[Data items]
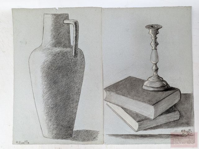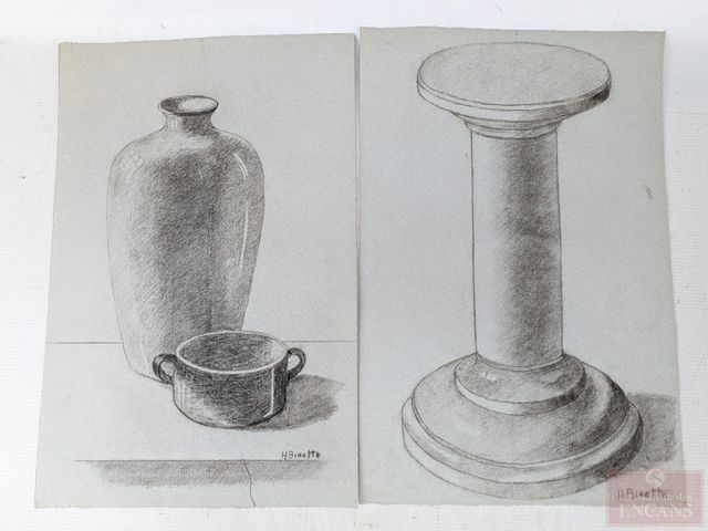Lot # 181 - Hortense BINETTE -Lot de dessins au fusain et à la mine, signés, le plus grand mesurant 12.5x19 pouces SOLD
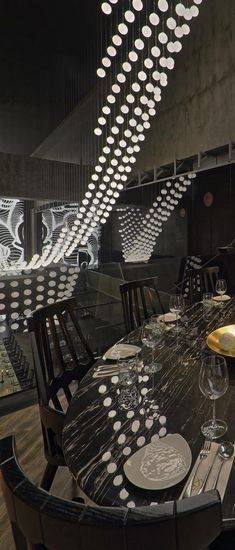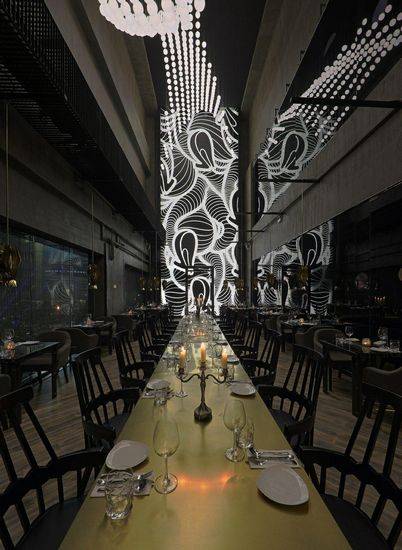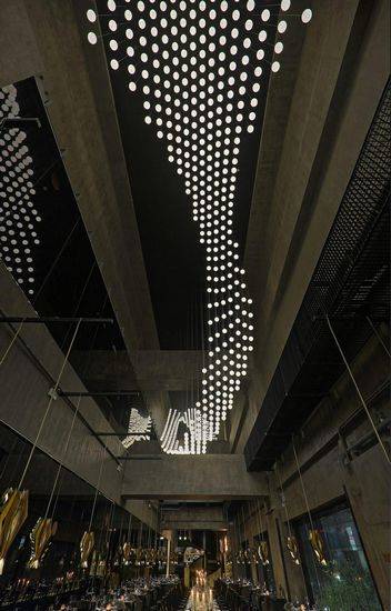 上海G九餐厅是由Atelier INDJ设计的,餐厅空间内设置了一个戏剧性的三重高度空间,这是中国大陆第一个高档百货公司的一部分。G九餐厅存在超越它的主要目的的餐饮和深入到一个领域的展览,场面和参与。 从项目开始Atelier I-N-D-J创始人Douglas-Jones领导项目的野心–“异乎寻常的分配空间就被利用而着称,早在已说服客户,这提供了一个机会,去创造一些颠覆先入为主”项目的所有元素都被仔细地考虑;从定制家具的一个超大规模的交互式灯安装于一个主要站点特定的艺术作品。
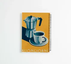 koffie koffiepot espressoapparaat kopje schotel schaduw ochtend drank drank keuken ontbijt cafeïne tekst Italiaans groet retro vintage metaal keramiek handvat
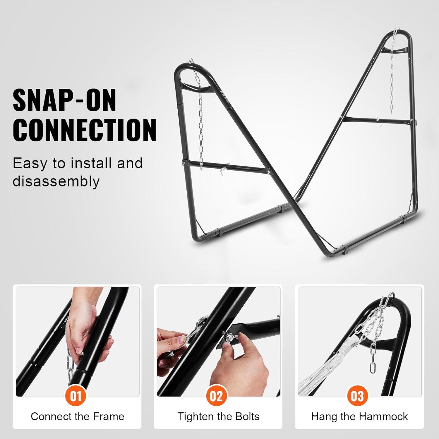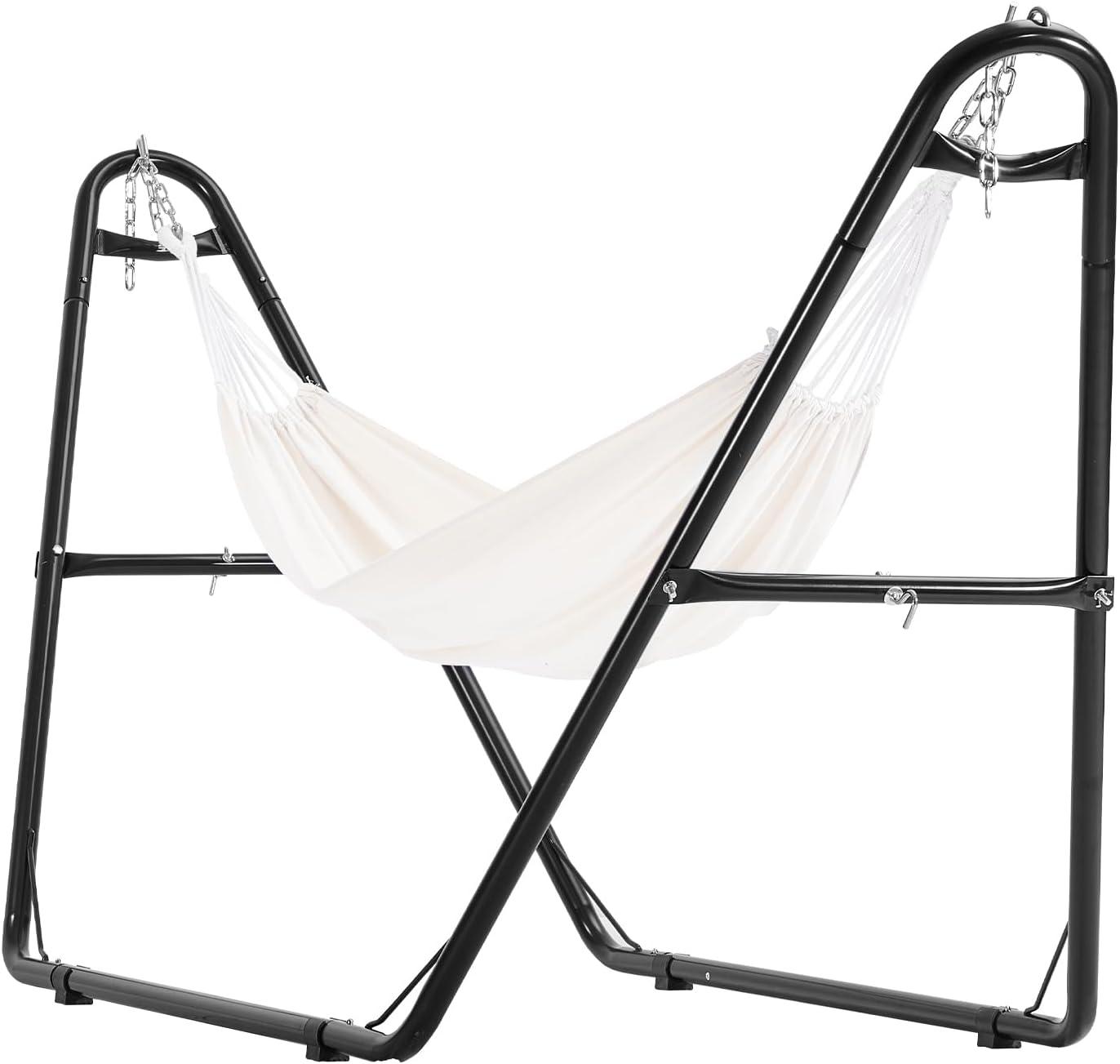 Adjustable Convenience: Designed for flexibility, this hammock frame features carabiners and chain adjustments, allowing you to easily modify the height and angle of your hammock. Whether sitting or lying down, find your perfect comfort position for daily naps or open-air picnics.
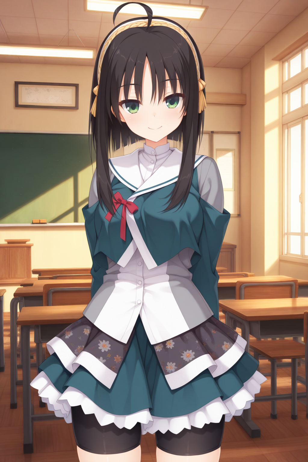 ccmako, 緑の目, 黒髪, 長い髪の束を伴う短髪, ahoge, 黄色の髪留め, makoschool, 学校制服, 白いセーラー衿, 緑のジャケット, 短めのジャケット, 赤いリボン, 長い袖, 白いシャツ, 緑のスカート, 重ねたスカート, 灰色のスカート, プリントスカート, スカート下の自転車用ショートパンツ,
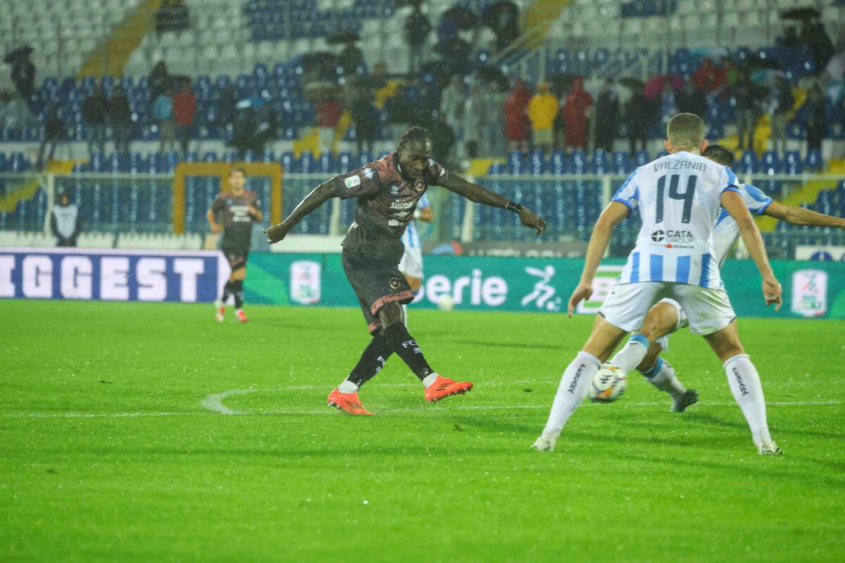 La ripresa si apre sotto una pioggia battente e con ritmi decisamente più elevati. Dopo appena 2 minuti, Merkaj sfiora il vantaggio con un destro potente in area, ma Desplanches si oppone in uscita. Al 19’ è il Pescara ad avere una clamorosa occasione: Letizia sfonda a sinistra e serve Merola, ma Adamonis compie un intervento straordinario che tiene in vita i biancorossi.
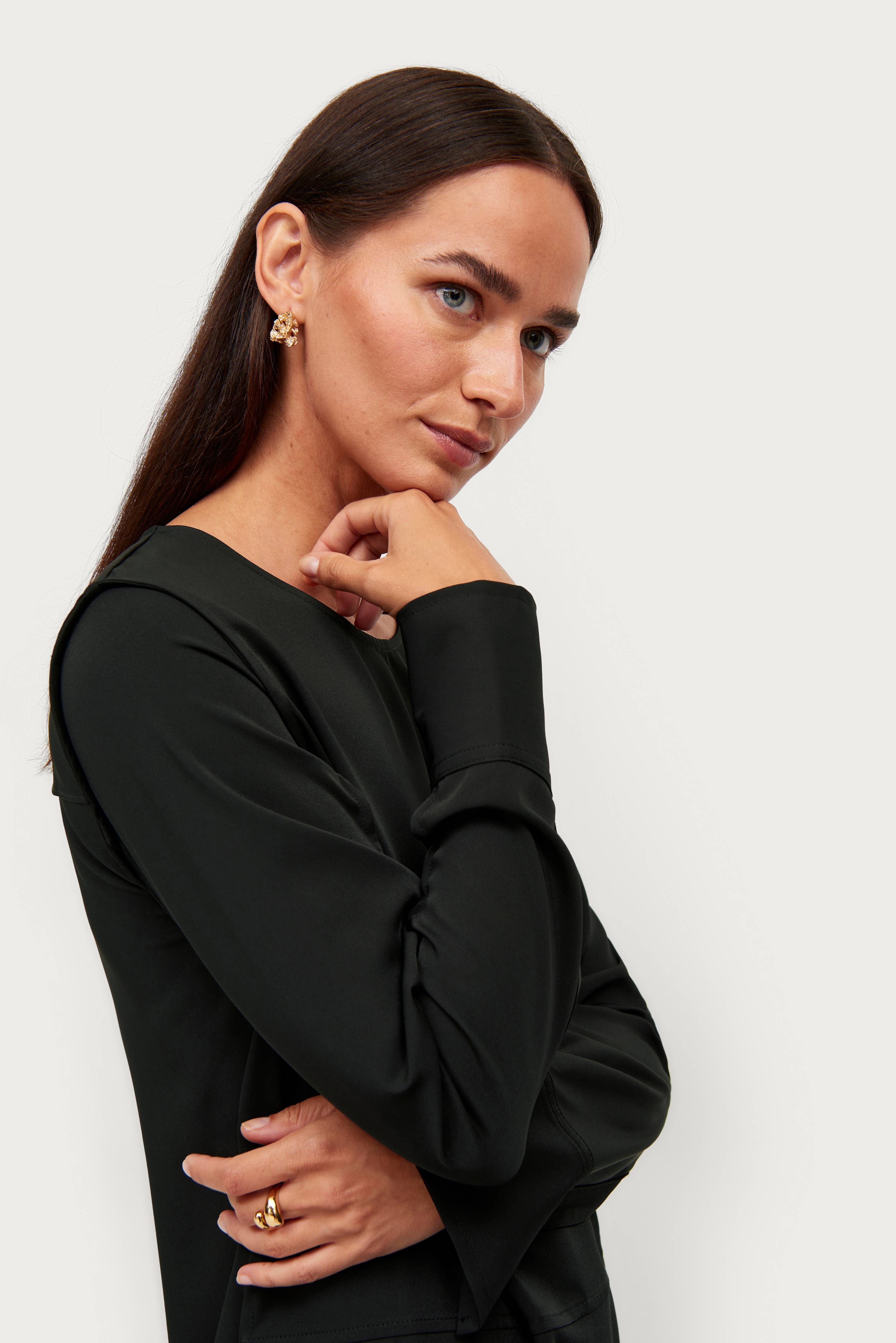 • Stilren kjole• Lige, knælang model• Dekorative sømme på ærmerne og ved taljen• Langt ærme med manchet• Slå-om detalje nede foran• Dekorativ linning• Længde: 95 cm i størrelse 36
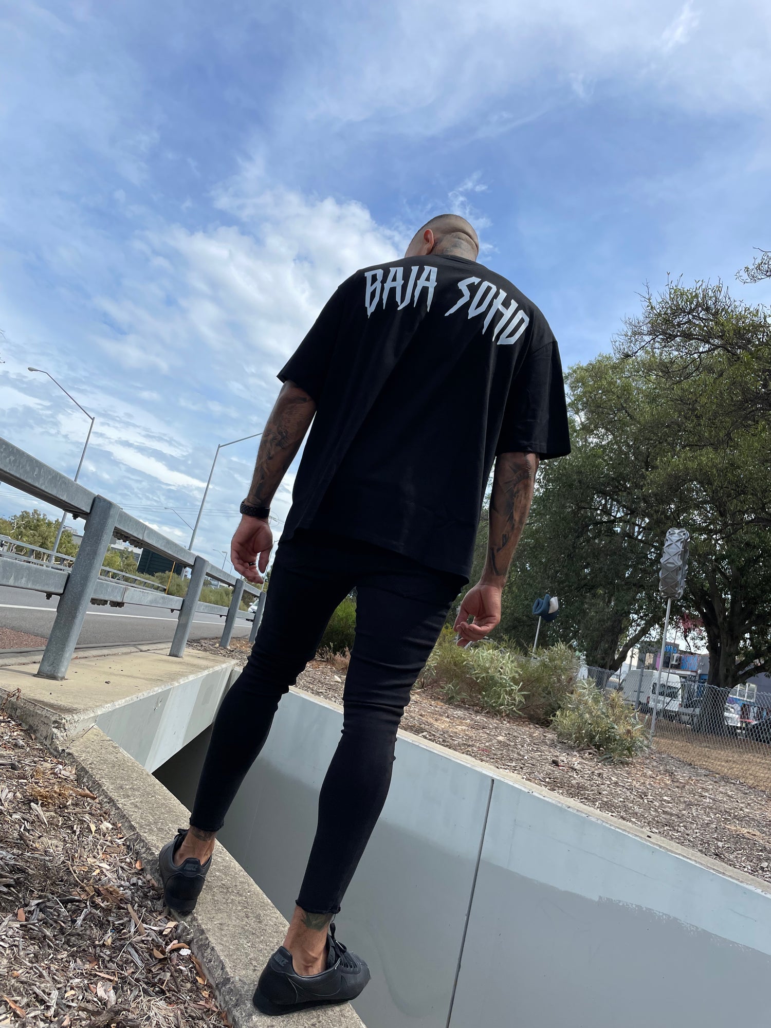 Description Black oversized t-shirt, with white logo on front and a large white back print. |

# What you will do:
Each line of the data is to be duplicated exactly; pictures stay out of the copy.

# Expected answer:
Lot # 181 - Hortense BINETTE -Lot de dessins au fusain et à la mine, signés, le plus grand mesurant 12.5x19 pouces SOLD
 上海G九餐厅是由Atelier INDJ设计的,餐厅空间内设置了一个戏剧性的三重高度空间,这是中国大陆第一个高档百货公司的一部分。G九餐厅存在超越它的主要目的的餐饮和深入到一个领域的展览,场面和参与。 从项目开始Atelier I-N-D-J创始人Douglas-Jones领导项目的野心–“异乎寻常的分配空间就被利用而着称,早在已说服客户,这提供了一个机会,去创造一些颠覆先入为主”项目的所有元素都被仔细地考虑;从定制家具的一个超大规模的交互式灯安装于一个主要站点特定的艺术作品。
 koffie koffiepot espressoapparaat kopje schotel schaduw ochtend drank drank keuken ontbijt cafeïne tekst Italiaans groet retro vintage metaal keramiek handvat
 Adjustable Convenience: Designed for flexibility, this hammock frame features carabiners and chain adjustments, allowing you to easily modify the height and angle of your hammock. Whether sitting or lying down, find your perfect comfort position for daily naps or open-air picnics.
 ccmako, 緑の目, 黒髪, 長い髪の束を伴う短髪, ahoge, 黄色の髪留め, makoschool, 学校制服, 白いセーラー衿, 緑のジャケット, 短めのジャケット, 赤いリボン, 長い袖, 白いシャツ, 緑のスカート, 重ねたスカート, 灰色のスカート, プリントスカート, スカート下の自転車用ショートパンツ,
 La ripresa si apre sotto una pioggia battente e con ritmi decisamente più elevati. Dopo appena 2 minuti, Merkaj sfiora il vantaggio con un destro potente in area, ma Desplanches si oppone in uscita. Al 19’ è il Pescara ad avere una clamorosa occasione: Letizia sfonda a sinistra e serve Merola, ma Adamonis compie un intervento straordinario che tiene in vita i biancorossi.
 • Stilren kjole• Lige, knælang model• Dekorative sømme på ærmerne og ved taljen• Langt ærme med manchet• Slå-om detalje nede foran• Dekorativ linning• Længde: 95 cm i størrelse 36
 Description Black oversized t-shirt, with white logo on front and a large white back print. |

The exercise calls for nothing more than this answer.